Plaintiff is also reminded that the court cannot refer to a prior pleading in order to make an amended complaint complete. Local Rule 220 requires that any amended complaint be complete in itself without reference to prior pleadings. The amended complaint will supersede the original complaint. See Loux v. Rhay, 375 F.2d 55, 57 (9th Cir. 1967). Thus, in an amended complaint, just as if it were the initial complaint filed in the case, each defendant must be listed in the caption and identified in the body of the complaint, and each claim and the involvement of each defendant must be sufficiently alleged.
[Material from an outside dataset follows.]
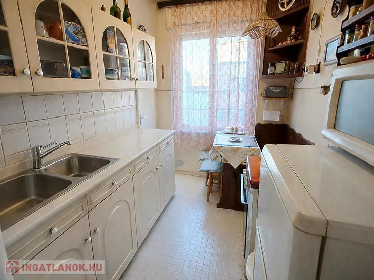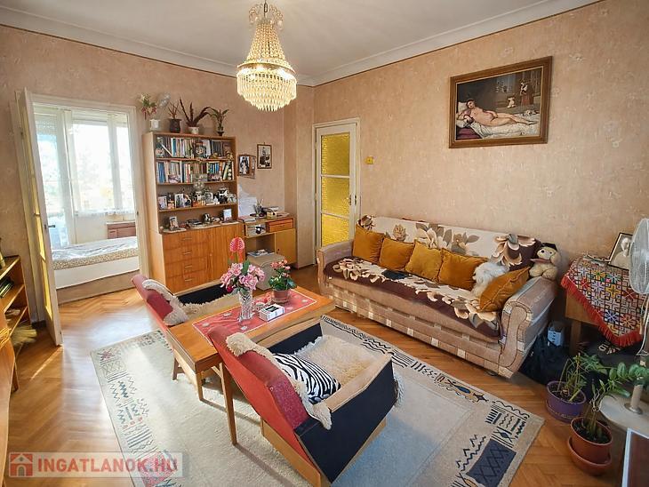 Tágas nappali, hálószoba, konyha, előszoba, fürdőszoba és kamra áll rendelkezésre. A lakás közepes állapotú, beköltözhető. A fűtést gázkonvektor biztosítja. Tartozik hozzá egy 3 m2-es belső udvarra néző erkély, egy 4 m2-es tároló a pincében és egy zárt udvari autóbeálló.

Any amended complaint which plaintiff may elect to file must also include concise but complete factual allegations describing the conduct and events which underlie plaintiff's claims.
CONCLUSION
Accordingly, IT IS HEREBY ORDERED that:
1. Defendant's March 21, 2023, motion to dismiss (ECF No. 8), amended on March 22, 2023 (ECF No. 11) is granted;
2. The complaint filed September 19, 2022 (ECF No. 1) is dismissed with leave to amend;
3. Within twenty-eight days from the date of this order, an amended complaint shall be filed that cures the defects noted in this order and complies with the Federal Rules of Civil Procedure and the Local Rules of Practice. The amended complaint must bear the case number assigned to this action and must be titled “Amended Complaint”; and
4. Plaintiff is cautioned that the failure to comply with this order in a timely manner may result in a recommendation that this action be dismissed.